Илиг может, нет никаких мыслей в глубине, а есть только наружная оболочка, то серебряное зеркало, повернутое к миру, смотрящее только в него и никогда внутрь? Когда убиваешь живое существо, человека или зверя, не хочешь, чтобы оно заглянуло тебе в глаза, а значит, — и в душу. Каждый из них забирает в мир иной частичку твоей души. Я понимаю, что это чепуха. Просто так себя чувствуешь, когда чьи-то глаза смотрят на тебя, умоляющие, полные горя, а твой нож перерезает горло их хозяину, и они закрываются.

— Меня не было двадцать лет, па. Боюсь, что мы даже толком и не знаем, что творится в душе другого. Со временем…

Думаю, что он почувствовал себя лучше, когда я назвал его «па», как и раньше, будучи мальчишкой.
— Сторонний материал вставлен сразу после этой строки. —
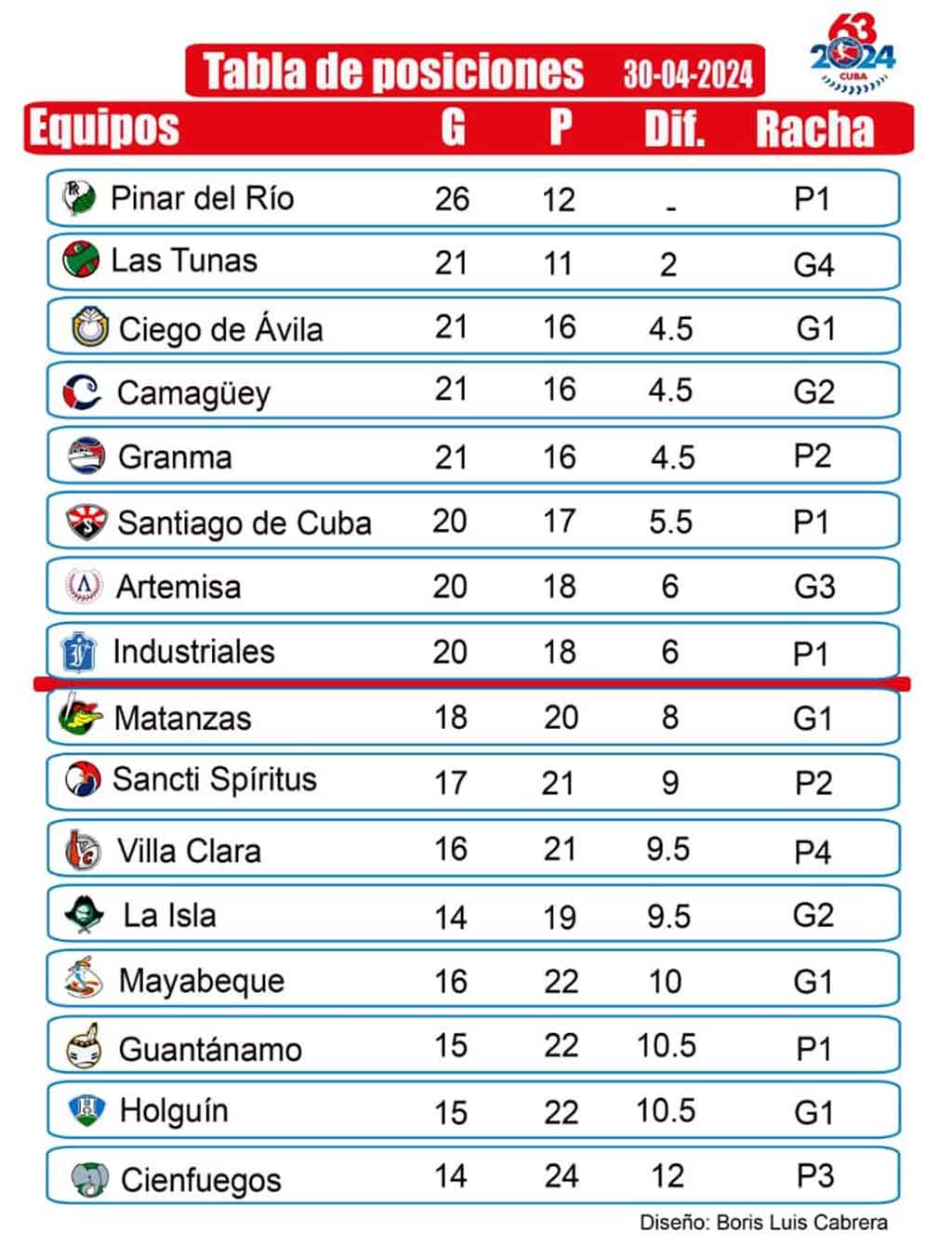Tras los partidos de hoy Pinar del Río mantuvo la punta con balance de 26-12, seguido por Las Tunas (21-11), Granma, Ciego de Ávila y Camagüey (21-16), Santiago de Cuba (20-17) y Artemisa e Industriales (20-18).

Польщенный, отец проговорил:

— На сколько ты приехал? В телеграмме об этом ничего не сказано.

— На шесть недель.

Он облегченно вздохнул, и мы продолжили наш путь, поднимаясь по неровной дороге, идущей вдоль маленьких деревянных домиков поселения. Жители уже давно поднялись и хлопотали по хозяйству, выглядя совершенно нелепо в своих ярких комбинезонах, сделанных, как мне кажется, из холста или мешковины. Мужчины и женщины приветствовали отца, дотрагиваясь до кепок, или упорно смотрели в землю. Большинство из них украдкой бросали на меня любопытные взгляды. Конечно, я представлял собой необычное и притягательное зрелище — мужчина в скучной зеленой форме с оружием на бедре, явно не сагот, незнакомый, отличающийся от других.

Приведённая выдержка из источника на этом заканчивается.